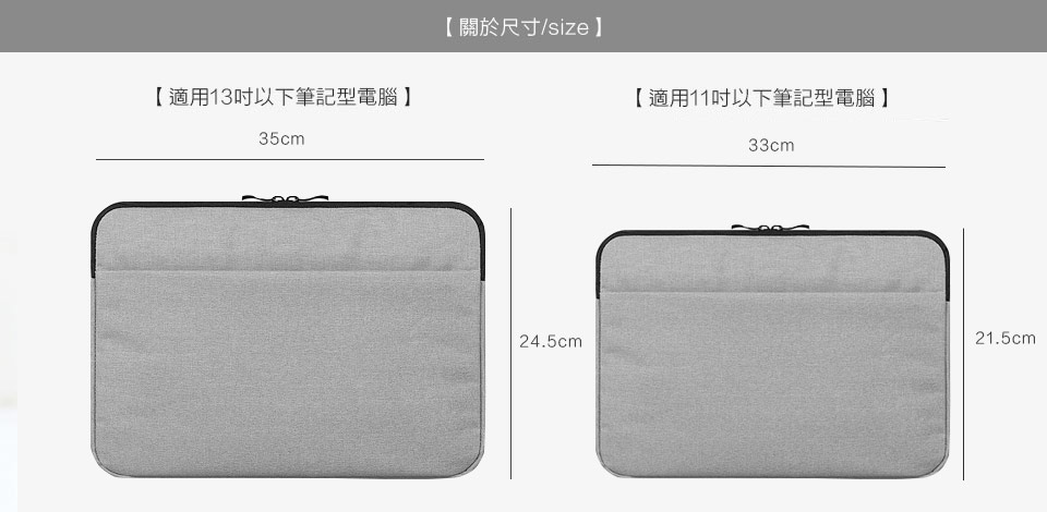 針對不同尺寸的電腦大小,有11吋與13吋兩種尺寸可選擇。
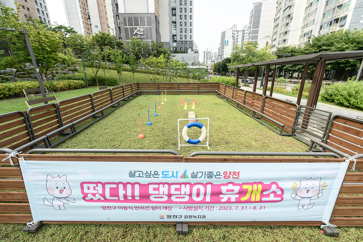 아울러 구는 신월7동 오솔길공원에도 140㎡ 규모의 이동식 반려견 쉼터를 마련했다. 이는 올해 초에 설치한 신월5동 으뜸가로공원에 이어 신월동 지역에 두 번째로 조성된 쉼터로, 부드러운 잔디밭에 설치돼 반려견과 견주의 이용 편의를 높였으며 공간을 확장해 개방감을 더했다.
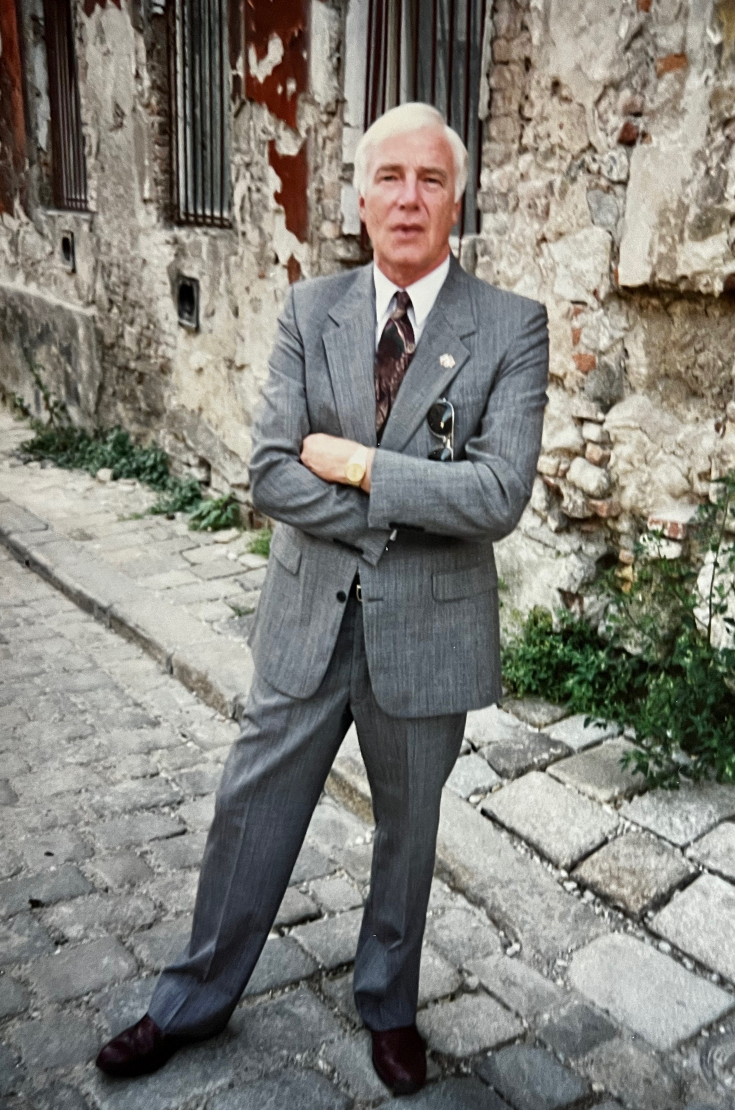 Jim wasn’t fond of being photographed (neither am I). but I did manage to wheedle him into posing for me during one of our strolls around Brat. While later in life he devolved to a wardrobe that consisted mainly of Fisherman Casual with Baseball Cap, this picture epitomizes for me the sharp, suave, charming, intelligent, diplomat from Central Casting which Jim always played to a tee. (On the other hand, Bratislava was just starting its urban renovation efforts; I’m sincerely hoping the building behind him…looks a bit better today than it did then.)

* **How to complete this task**
Repeat the listing word for word, omitting the pictures.

* **Exercise result**
 針對不同尺寸的電腦大小,有11吋與13吋兩種尺寸可選擇。
 아울러 구는 신월7동 오솔길공원에도 140㎡ 규모의 이동식 반려견 쉼터를 마련했다. 이는 올해 초에 설치한 신월5동 으뜸가로공원에 이어 신월동 지역에 두 번째로 조성된 쉼터로, 부드러운 잔디밭에 설치돼 반려견과 견주의 이용 편의를 높였으며 공간을 확장해 개방감을 더했다.
 Jim wasn’t fond of being photographed (neither am I). but I did manage to wheedle him into posing for me during one of our strolls around Brat. While later in life he devolved to a wardrobe that consisted mainly of Fisherman Casual with Baseball Cap, this picture epitomizes for me the sharp, suave, charming, intelligent, diplomat from Central Casting which Jim always played to a tee. (On the other hand, Bratislava was just starting its urban renovation efforts; I’m sincerely hoping the building behind him…looks a bit better today than it did then.)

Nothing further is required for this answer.